[[ Input material open ]]
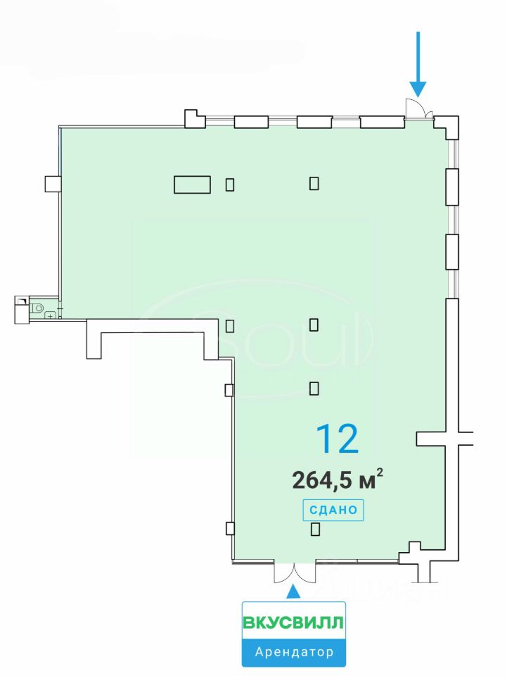 Помещение площадью 264,5 кв. м находится на первом этаже жилого дома (встроенно-пристроенный формат). Планировка открытая, высота потолков составляет 4,7 м, перекрытия — железобетонные. Пространство легко адаптируется под любые задачи: магазин, ресторан, кафе, аптеку, салон красоты, банк, офис продаж, кофейню и другие направления.
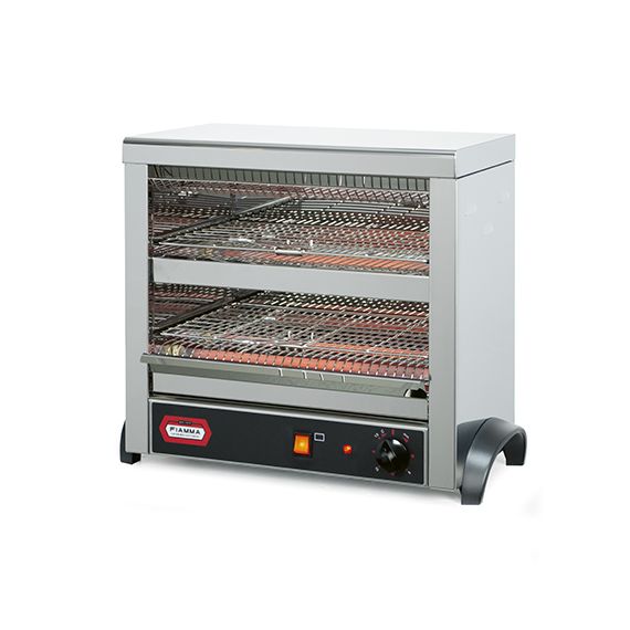 Тостер FIAMMA TOSTI S5 Три уровня нагревательных элементов (по 2 шт на уровень) Габариты: 525x305x445 мм Напряжение 220 В, мощность 2,7 кВт, Вес 10,4 кг
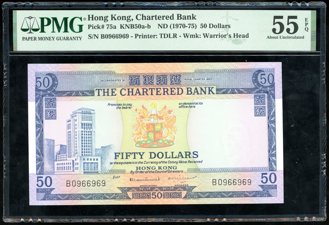 The Chartered Bank, Hong Kong, $50, ND(1970-75), serial number B0966969, (Pick 75a), PMG 55EPQ.
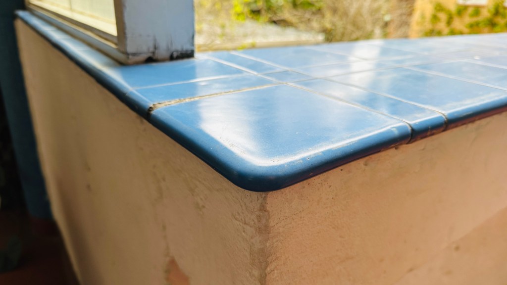 The colour scheme of the foyer and circulation space is kept simple yet rich. Matt finished bright marine-blue bullnose tiles are used on cylindrical columns, lift door reveals, and wide verandah ledges, offering a fresh Mediterranean feel. Additionally, the burnt orange (red sandy) concrete paint beautifully complements the greenery in the communal courtyard and the potted plants in front of the flat entries.
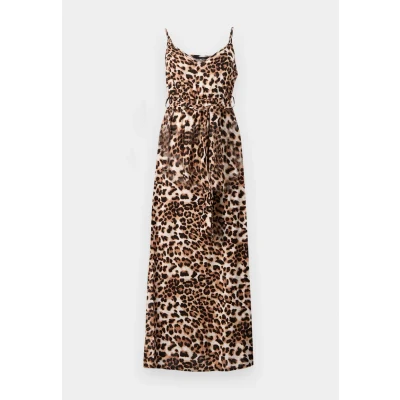 VERO MODA Women's Vmeasy Joy Slit Maxi V Neck Dress WVN Ga, Tan/AOP: Leo, XS
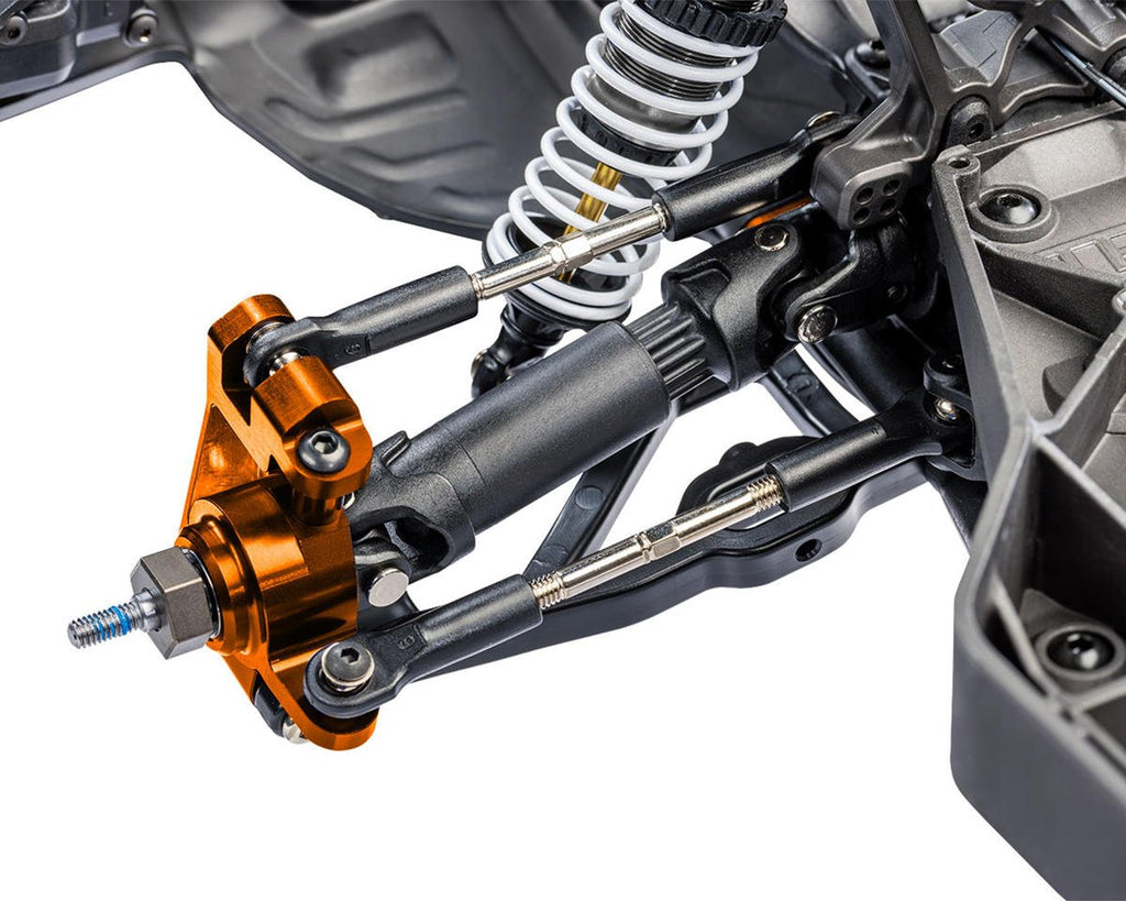 With aluminum GTR shocks, TiN-coated shafts, and adjustable spring collars, the Raptor R 4X4 Ultimate absorbs big hits while maintaining plush handling. Color-matched aluminum C-hubs, steering blocks, and rear carriers ensure strength and style, while heavy-duty arms and adjustable 4mm steel links offer track-tuned handling.
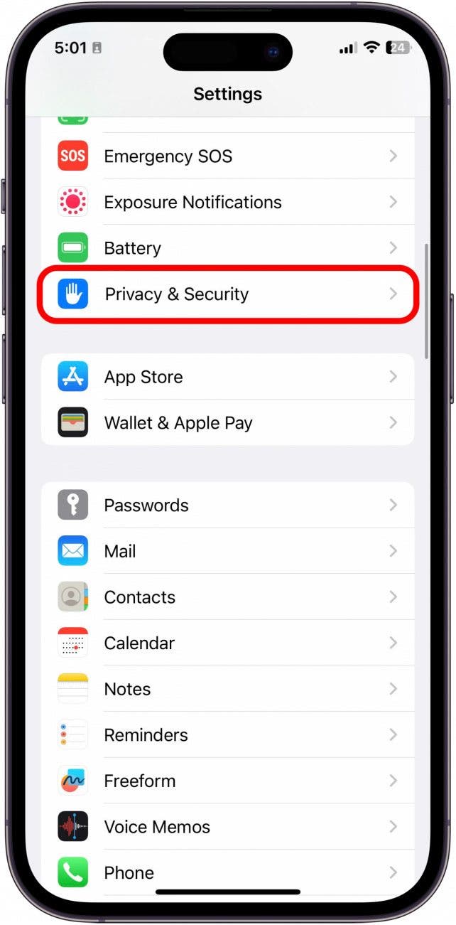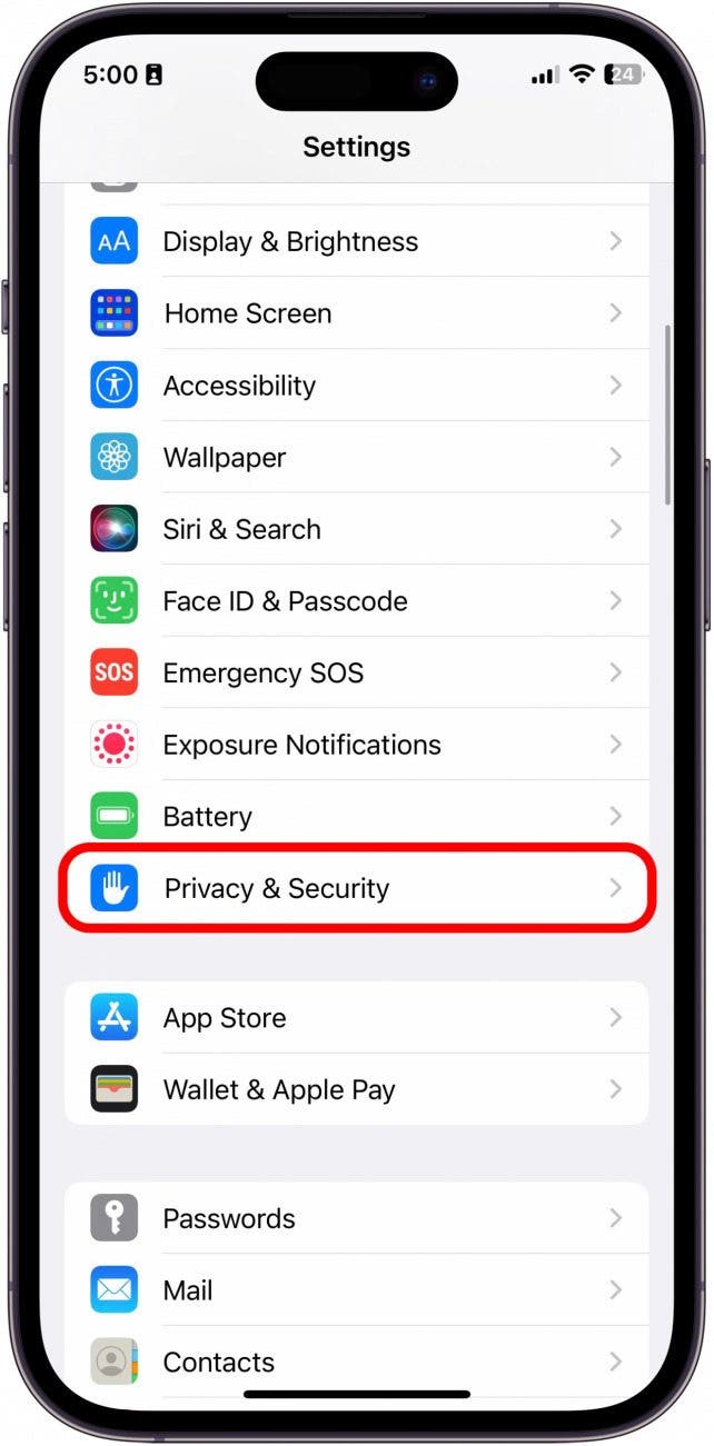 - 现在,再次返回“设置”并重新打开隐私与安全。
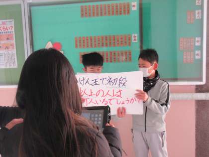 けん玉委員会の「けん玉クイズ」でした。みんなが楽しめるように工夫していました。
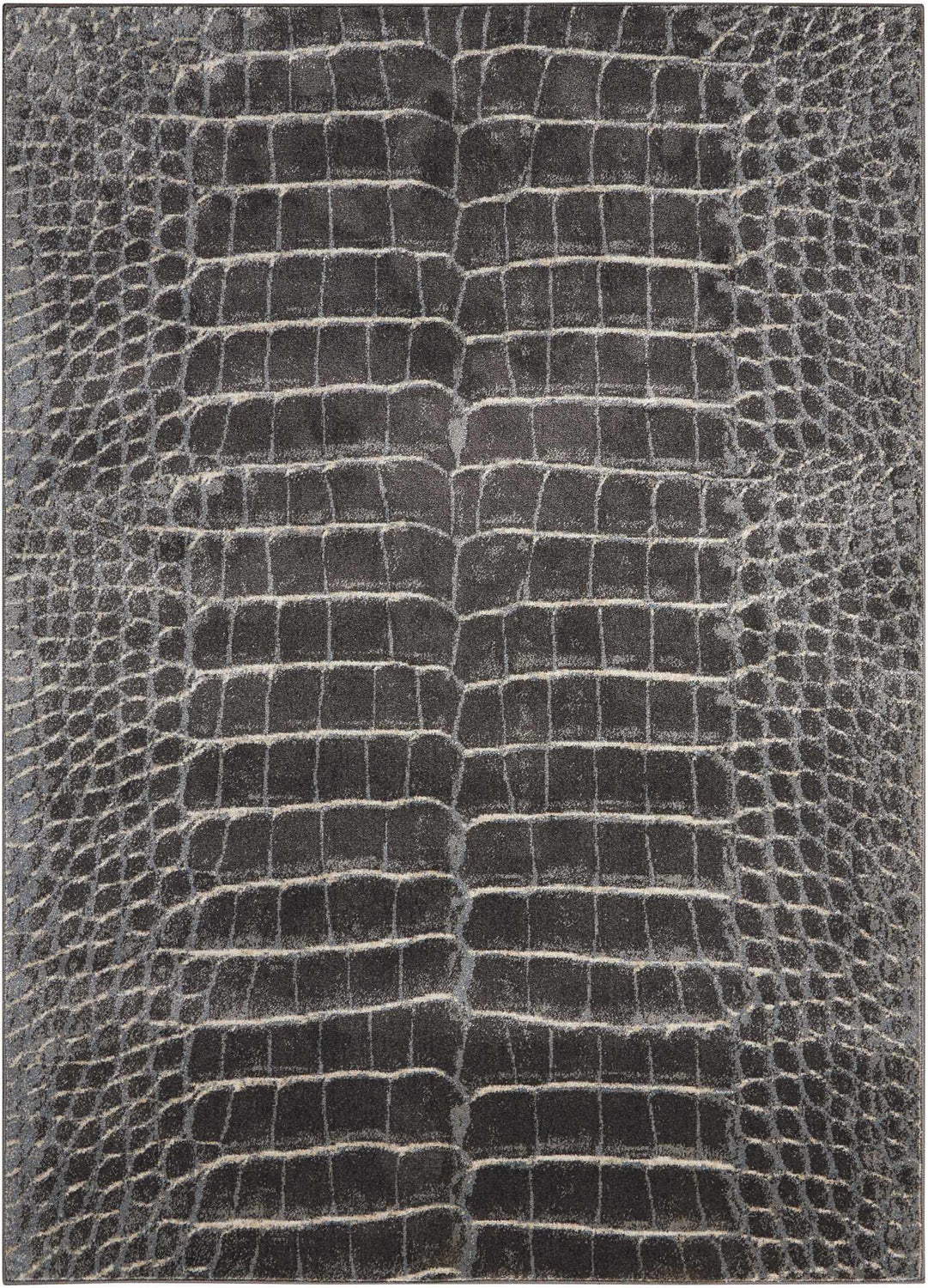 The Nourison Maxell area rug makes a bold, sophisticated statement with its striking crocodile skin-inspired pattern rendered in deep charcoal and smoky gray tones. The embossed, textured surface mimics the dimensional scales of reptile hide, giving it a tactile, three-dimensional quality that photographs beautifully and looks even more impressive in person. The dark, moody palette is anchored by a rich charcoal base with lighter gray highlights that trace the edges of each scale, creating natural depth and contrast across the entire surface. At 0.5 inches of medium pile, it offers a comfortable underfoot feel while maintaining the crisp definition of the pattern. The foam latex backing keeps it securely in place on hard floors. This rug works equally well as a dramatic focal point in a modern living room, a sleek home office, or a bold bedroom — anywhere you want to add texture and edge without introducing busy color. Its neutral charcoal palette means it pairs effortlessly with black, white, silver, and even warm wood tones.
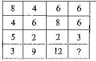 4eme ligne : 3 + 9 + 12 = 24 / 8 = 3
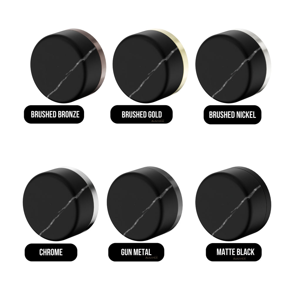 The Nero Serenity Progressive Shower Mixer with Marquina Black Handle combines refined style with reliable functionality. Made from solid lead-free brass and natural Italian marble, it ensures durability and safety. A progressive cartridge delivers smooth water flow and precise temperature control. Handle options include Carrara, Rome Travertine, Marquina Black, and customizable marble choices, paired with a sleek metal handle. Available in Brushed Bronze, Brushed Gold, Brushed Nickel, Chrome, Gun Metal, and Matte Black, it is supported by extensive domestic and commercial warranties.
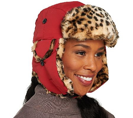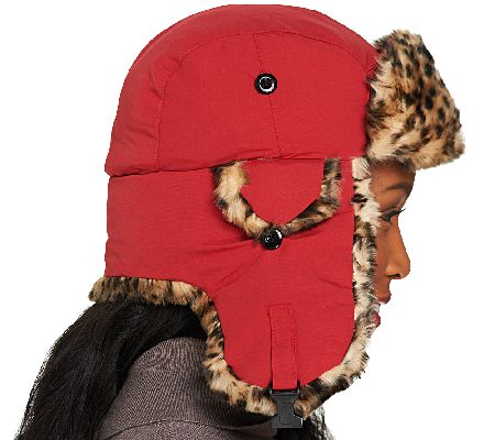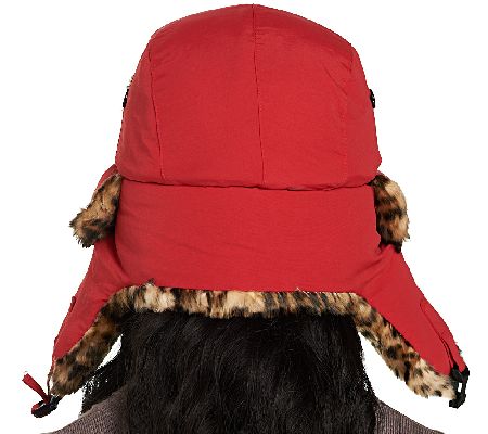 • Features: water-repellant nylon shell, long side flaps in leopard print faux fur, adjustable chin snap closure, two buttons outside ear flaps
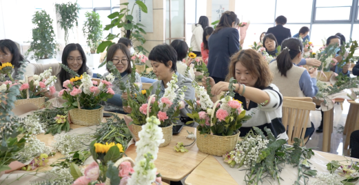繁花似錦報春來,天姿國色抒情懷。活動現(xiàn)場花香四溢、芬芳溫馨,充滿著春天般的氣息,大家手捧鮮花,在花藝老師的講解下,開始學(xué)習(xí)各種鮮花所蘊含的花語祝福和選花、裁剪、搭配、造型及養(yǎng)護等藝術(shù)插花技巧。隨后,女工們將原本普普通通的月季、康乃馨、蝴蝶蘭、滿天星、向日葵等多種花材修剪整枝,根據(jù)不同的色彩和形狀有層次地搭配在一起。通過精心構(gòu)思造型、發(fā)揮創(chuàng)意想象,有的注重意境創(chuàng)設(shè)追求,有的突出枝情花韻之趣,有的抒展自然樸實風(fēng)格……在細致地修飾和精心地創(chuàng)作下,一枝花、一棵草都變得詩情畫意和清新怡人,節(jié)日的喜慶氣氛瞬間升騰。
[[ Input material closed ]]
▸ **Exercise**
Repeat each line of the records exactly. Do not include the pictures.

▸ **Answer section**
 Помещение площадью 264,5 кв. м находится на первом этаже жилого дома (встроенно-пристроенный формат). Планировка открытая, высота потолков составляет 4,7 м, перекрытия — железобетонные. Пространство легко адаптируется под любые задачи: магазин, ресторан, кафе, аптеку, салон красоты, банк, офис продаж, кофейню и другие направления.
 Тостер FIAMMA TOSTI S5 Три уровня нагревательных элементов (по 2 шт на уровень) Габариты: 525x305x445 мм Напряжение 220 В, мощность 2,7 кВт, Вес 10,4 кг
 The Chartered Bank, Hong Kong, $50, ND(1970-75), serial number B0966969, (Pick 75a), PMG 55EPQ.
 The colour scheme of the foyer and circulation space is kept simple yet rich. Matt finished bright marine-blue bullnose tiles are used on cylindrical columns, lift door reveals, and wide verandah ledges, offering a fresh Mediterranean feel. Additionally, the burnt orange (red sandy) concrete paint beautifully complements the greenery in the communal courtyard and the potted plants in front of the flat entries.
 VERO MODA Women's Vmeasy Joy Slit Maxi V Neck Dress WVN Ga, Tan/AOP: Leo, XS
 With aluminum GTR shocks, TiN-coated shafts, and adjustable spring collars, the Raptor R 4X4 Ultimate absorbs big hits while maintaining plush handling. Color-matched aluminum C-hubs, steering blocks, and rear carriers ensure strength and style, while heavy-duty arms and adjustable 4mm steel links offer track-tuned handling.
 - 现在,再次返回“设置”并重新打开隐私与安全。
 けん玉委員会の「けん玉クイズ」でした。みんなが楽しめるように工夫していました。
 The Nourison Maxell area rug makes a bold, sophisticated statement with its striking crocodile skin-inspired pattern rendered in deep charcoal and smoky gray tones. The embossed, textured surface mimics the dimensional scales of reptile hide, giving it a tactile, three-dimensional quality that photographs beautifully and looks even more impressive in person. The dark, moody palette is anchored by a rich charcoal base with lighter gray highlights that trace the edges of each scale, creating natural depth and contrast across the entire surface. At 0.5 inches of medium pile, it offers a comfortable underfoot feel while maintaining the crisp definition of the pattern. The foam latex backing keeps it securely in place on hard floors. This rug works equally well as a dramatic focal point in a modern living room, a sleek home office, or a bold bedroom — anywhere you want to add texture and edge without introducing busy color. Its neutral charcoal palette means it pairs effortlessly with black, white, silver, and even warm wood tones.
 4eme ligne : 3 + 9 + 12 = 24 / 8 = 3
 The Nero Serenity Progressive Shower Mixer with Marquina Black Handle combines refined style with reliable functionality. Made from solid lead-free brass and natural Italian marble, it ensures durability and safety. A progressive cartridge delivers smooth water flow and precise temperature control. Handle options include Carrara, Rome Travertine, Marquina Black, and customizable marble choices, paired with a sleek metal handle. Available in Brushed Bronze, Brushed Gold, Brushed Nickel, Chrome, Gun Metal, and Matte Black, it is supported by extensive domestic and commercial warranties.
 • Features: water-repellant nylon shell, long side flaps in leopard print faux fur, adjustable chin snap closure, two buttons outside ear flaps
繁花似錦報春來,天姿國色抒情懷。活動現(xiàn)場花香四溢、芬芳溫馨,充滿著春天般的氣息,大家手捧鮮花,在花藝老師的講解下,開始學(xué)習(xí)各種鮮花所蘊含的花語祝福和選花、裁剪、搭配、造型及養(yǎng)護等藝術(shù)插花技巧。隨后,女工們將原本普普通通的月季、康乃馨、蝴蝶蘭、滿天星、向日葵等多種花材修剪整枝,根據(jù)不同的色彩和形狀有層次地搭配在一起。通過精心構(gòu)思造型、發(fā)揮創(chuàng)意想象,有的注重意境創(chuàng)設(shè)追求,有的突出枝情花韻之趣,有的抒展自然樸實風(fēng)格……在細致地修飾和精心地創(chuàng)作下,一枝花、一棵草都變得詩情畫意和清新怡人,節(jié)日的喜慶氣氛瞬間升騰。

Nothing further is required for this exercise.